Slow whole left atrial conduction velocity after pulmonary vein isolation predicts atrial fibrillation recurrence.

BACKGROUND: Atrial conduction velocity may represent atrial fibrillation (AF) substrate after pulmonary vein isolation (PVI). To elucidate the association between whole left atrial conduction velocity (LACV) and AF recurrence after PVI. METHODS AND RESULTS: This observational study enrolled 279 patients (147 paroxysmal and 132 persistent AF) who underwent PVI alone as an initial AF ablation procedure. After PVI, the left atrium was mapped with a 20-pole multielectrode in conjunction with the CARTO3 system during 100-ppm right atrial pacing. Left atrial conduction distance and conduction time were calculated from the start to the end of the propagation wave front in the left atrium. LACVs on the anterior and posterior routes were calculated as conduction distance divided by conduction time. Anterior and posterior LACVs were slower in patients with AF recurrence than in those without (anterior, 0.79 [0.71, 0.86] vs 0.96 [0.90, 1.06] m/s, P < .001; posterior, 0.99 [0.89, 1.14] vs 1.10 [1.00, 1.29] m/s, P < .001). AF recurrence was best predicted by anterior LACV with a cut-off value of 0.87 m/s (sensitivity 87%, specificity 81%, and predictive accuracy 84%).

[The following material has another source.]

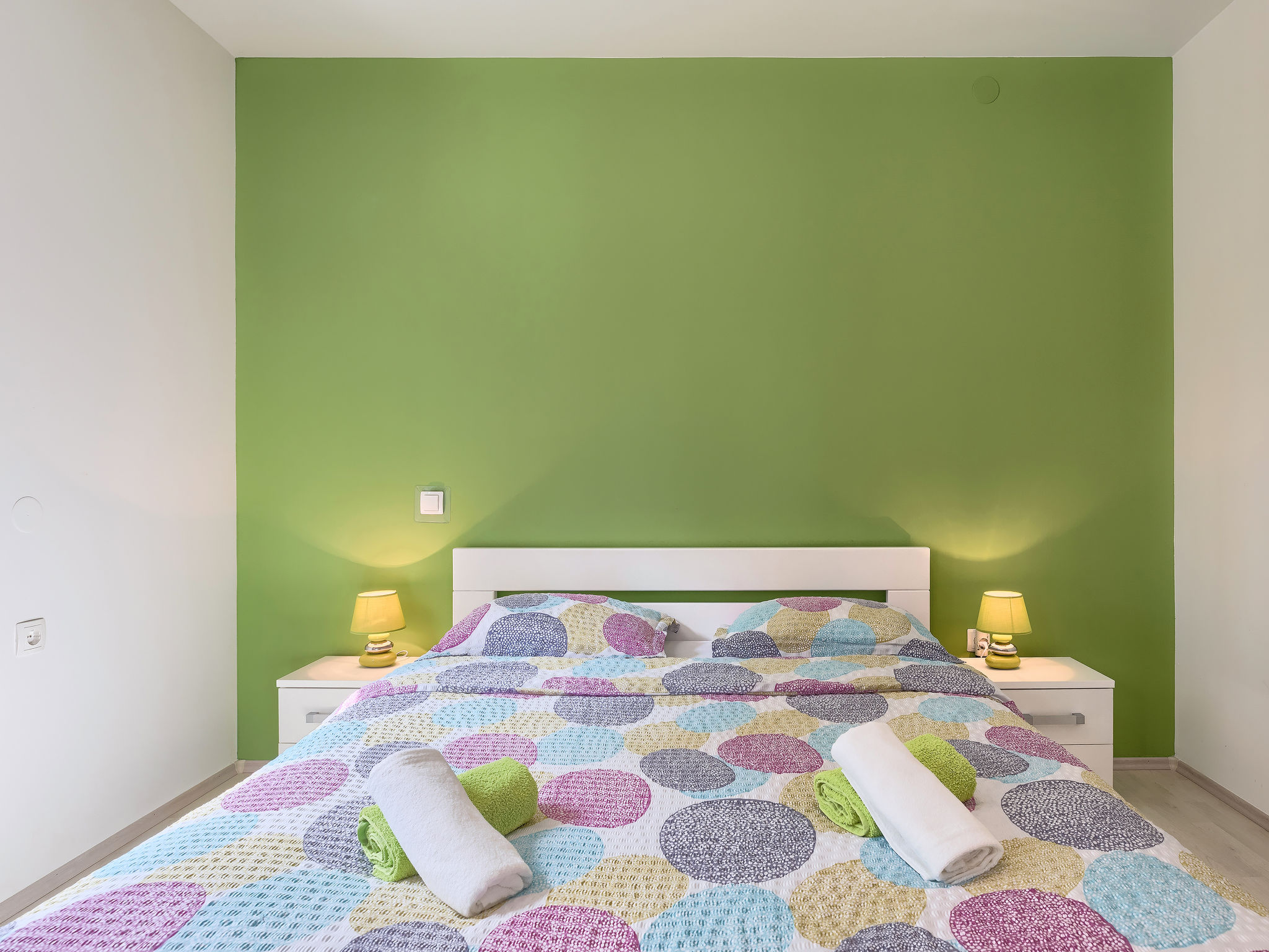 4-Zimmer-Haus 102 m2. Schön und gemütlich eingerichtet: Wohn-/Esszimmer 36 m2 mit Sat-TV (Flachbildschirm), Klimaanlage. Ausgang zur Terrasse. Eingang mit Klimaanlage. 1 Zimmer mit 1 franz. Bett (160 cm, Länge 200 cm). 1 Zimmer mit 1 franz. Bett (180 cm, Länge 200 cm). 1 Zimmer mit 1 Bett (90 cm, Länge 200 cm). Offene Küche (Backofen, Geschirrspüler, 2 Induktionskochplatten, 2 Flammen, Toaster, Wasserkocher, Tiefkühler, elektrische Kaffeemaschine). Dusche/WC. Terrasse 15 m2, überdacht. Terrassenmöbel, Liegestühle. Sicht auf das Schwimmbad und den Garten. Zur Verfügung: Bügeleisen, Haartrockner. Internet (Wireless LAN, gratis).

Multivariate analysis demonstrated that a slow anterior LACV <0.87 m/s was an independent predictor of AF recurrence with an adjusted hazard ratio of 11.8 (6.36-22.0). Patients with anterior low-voltage areas demonstrated slower anterior LACV than those without low-voltage areas (0.89 [0.71, 1.00] vs 0.94 [0.87, 1.05] m/s, P < .001). CONCLUSION: A slow anterior LACV was an excellent predictor of AF recurrence after PVI.